▶ _Task requirements_
From the listing below, pull out every line where the string "with" appears.

▶ _The records_
####

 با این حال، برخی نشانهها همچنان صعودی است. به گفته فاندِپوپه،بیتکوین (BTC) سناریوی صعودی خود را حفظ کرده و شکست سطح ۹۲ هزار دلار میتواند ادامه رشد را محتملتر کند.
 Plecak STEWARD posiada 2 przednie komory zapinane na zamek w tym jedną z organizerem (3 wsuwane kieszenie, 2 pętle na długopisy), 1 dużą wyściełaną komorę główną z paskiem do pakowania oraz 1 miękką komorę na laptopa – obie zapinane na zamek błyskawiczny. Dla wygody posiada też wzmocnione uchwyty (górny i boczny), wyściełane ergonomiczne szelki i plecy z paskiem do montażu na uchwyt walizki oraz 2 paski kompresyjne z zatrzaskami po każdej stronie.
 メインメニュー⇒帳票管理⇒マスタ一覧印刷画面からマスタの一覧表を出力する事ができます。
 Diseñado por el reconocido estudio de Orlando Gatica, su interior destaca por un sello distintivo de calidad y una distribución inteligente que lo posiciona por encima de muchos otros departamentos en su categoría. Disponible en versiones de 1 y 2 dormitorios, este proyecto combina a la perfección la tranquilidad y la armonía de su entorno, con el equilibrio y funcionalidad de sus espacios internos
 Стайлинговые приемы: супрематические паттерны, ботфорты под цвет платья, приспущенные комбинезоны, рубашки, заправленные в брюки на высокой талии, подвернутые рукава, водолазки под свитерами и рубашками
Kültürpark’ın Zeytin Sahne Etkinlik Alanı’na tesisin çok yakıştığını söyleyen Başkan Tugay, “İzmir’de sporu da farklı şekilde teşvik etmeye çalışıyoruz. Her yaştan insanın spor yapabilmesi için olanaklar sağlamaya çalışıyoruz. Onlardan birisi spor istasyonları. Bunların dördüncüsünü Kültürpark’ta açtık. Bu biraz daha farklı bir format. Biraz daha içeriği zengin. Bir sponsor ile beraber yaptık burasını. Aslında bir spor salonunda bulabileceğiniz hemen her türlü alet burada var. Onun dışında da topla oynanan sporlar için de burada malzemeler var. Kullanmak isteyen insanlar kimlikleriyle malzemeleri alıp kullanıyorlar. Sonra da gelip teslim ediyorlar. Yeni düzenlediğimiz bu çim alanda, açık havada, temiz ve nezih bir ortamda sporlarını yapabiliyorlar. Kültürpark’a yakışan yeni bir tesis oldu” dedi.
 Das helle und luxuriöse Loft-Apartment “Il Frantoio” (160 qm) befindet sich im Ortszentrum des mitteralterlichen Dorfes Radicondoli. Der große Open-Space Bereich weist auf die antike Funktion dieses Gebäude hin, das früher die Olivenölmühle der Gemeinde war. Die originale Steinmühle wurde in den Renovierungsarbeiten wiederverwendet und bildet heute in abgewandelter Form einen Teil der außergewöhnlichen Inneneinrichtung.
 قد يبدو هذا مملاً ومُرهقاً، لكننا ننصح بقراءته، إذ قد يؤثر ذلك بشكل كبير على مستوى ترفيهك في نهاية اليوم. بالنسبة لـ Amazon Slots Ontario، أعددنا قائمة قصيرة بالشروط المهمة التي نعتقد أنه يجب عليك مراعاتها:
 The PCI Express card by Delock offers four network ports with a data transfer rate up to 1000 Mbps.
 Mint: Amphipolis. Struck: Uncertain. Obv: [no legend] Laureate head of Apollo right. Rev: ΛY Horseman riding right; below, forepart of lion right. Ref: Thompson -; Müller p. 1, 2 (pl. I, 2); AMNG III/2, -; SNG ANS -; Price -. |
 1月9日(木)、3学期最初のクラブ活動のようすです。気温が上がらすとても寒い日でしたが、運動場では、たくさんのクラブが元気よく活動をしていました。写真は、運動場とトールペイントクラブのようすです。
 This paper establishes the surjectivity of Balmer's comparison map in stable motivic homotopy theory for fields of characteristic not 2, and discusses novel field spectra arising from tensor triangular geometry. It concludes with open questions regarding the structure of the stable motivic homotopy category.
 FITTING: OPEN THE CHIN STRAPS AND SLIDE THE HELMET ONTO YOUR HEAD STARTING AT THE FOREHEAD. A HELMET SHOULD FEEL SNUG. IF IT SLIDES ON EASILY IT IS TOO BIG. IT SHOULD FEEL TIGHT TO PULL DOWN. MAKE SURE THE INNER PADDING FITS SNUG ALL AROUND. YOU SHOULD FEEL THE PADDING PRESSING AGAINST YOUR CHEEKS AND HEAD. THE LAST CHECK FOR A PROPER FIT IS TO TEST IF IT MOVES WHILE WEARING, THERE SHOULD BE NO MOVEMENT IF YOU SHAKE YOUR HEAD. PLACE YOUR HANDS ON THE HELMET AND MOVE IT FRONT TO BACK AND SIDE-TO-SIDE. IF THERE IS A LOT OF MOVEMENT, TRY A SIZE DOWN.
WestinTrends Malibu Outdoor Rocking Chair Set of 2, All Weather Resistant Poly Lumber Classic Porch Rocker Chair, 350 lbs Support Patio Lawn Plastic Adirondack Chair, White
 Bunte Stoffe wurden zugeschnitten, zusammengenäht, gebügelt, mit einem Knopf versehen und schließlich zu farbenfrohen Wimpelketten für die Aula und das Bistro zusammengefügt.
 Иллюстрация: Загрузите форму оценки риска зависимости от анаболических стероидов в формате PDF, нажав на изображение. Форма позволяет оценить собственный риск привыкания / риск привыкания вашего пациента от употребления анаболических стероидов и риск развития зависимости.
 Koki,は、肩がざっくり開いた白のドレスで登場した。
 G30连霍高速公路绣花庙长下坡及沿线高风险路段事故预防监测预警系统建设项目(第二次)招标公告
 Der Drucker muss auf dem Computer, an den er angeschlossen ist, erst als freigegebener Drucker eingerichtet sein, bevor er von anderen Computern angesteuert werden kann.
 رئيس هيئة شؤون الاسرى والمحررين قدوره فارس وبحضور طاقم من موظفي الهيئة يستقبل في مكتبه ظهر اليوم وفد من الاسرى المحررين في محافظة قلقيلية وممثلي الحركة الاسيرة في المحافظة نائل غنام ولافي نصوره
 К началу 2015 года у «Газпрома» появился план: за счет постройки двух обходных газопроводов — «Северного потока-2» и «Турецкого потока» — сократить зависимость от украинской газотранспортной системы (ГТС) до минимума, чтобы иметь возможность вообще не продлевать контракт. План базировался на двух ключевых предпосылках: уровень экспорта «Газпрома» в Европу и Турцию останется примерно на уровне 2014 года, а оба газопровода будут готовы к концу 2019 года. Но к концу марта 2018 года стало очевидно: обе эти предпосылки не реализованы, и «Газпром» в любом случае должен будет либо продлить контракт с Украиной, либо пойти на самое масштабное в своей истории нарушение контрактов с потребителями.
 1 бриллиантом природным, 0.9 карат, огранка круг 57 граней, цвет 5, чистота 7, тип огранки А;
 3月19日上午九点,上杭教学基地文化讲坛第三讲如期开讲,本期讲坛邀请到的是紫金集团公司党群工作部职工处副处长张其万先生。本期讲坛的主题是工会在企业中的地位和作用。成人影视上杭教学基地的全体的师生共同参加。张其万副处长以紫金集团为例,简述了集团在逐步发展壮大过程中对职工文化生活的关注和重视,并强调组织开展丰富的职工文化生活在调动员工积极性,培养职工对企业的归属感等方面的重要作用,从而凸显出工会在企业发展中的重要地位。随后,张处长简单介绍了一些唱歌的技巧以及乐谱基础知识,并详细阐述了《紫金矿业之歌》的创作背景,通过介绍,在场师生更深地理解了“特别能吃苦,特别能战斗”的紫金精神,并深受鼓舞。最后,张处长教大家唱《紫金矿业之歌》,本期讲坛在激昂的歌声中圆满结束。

####

▶ _Result of the task_
 The PCI Express card by Delock offers four network ports with a data transfer rate up to 1000 Mbps.
 This paper establishes the surjectivity of Balmer's comparison map in stable motivic homotopy theory for fields of characteristic not 2, and discusses novel field spectra arising from tensor triangular geometry. It concludes with open questions regarding the structure of the stable motivic homotopy category.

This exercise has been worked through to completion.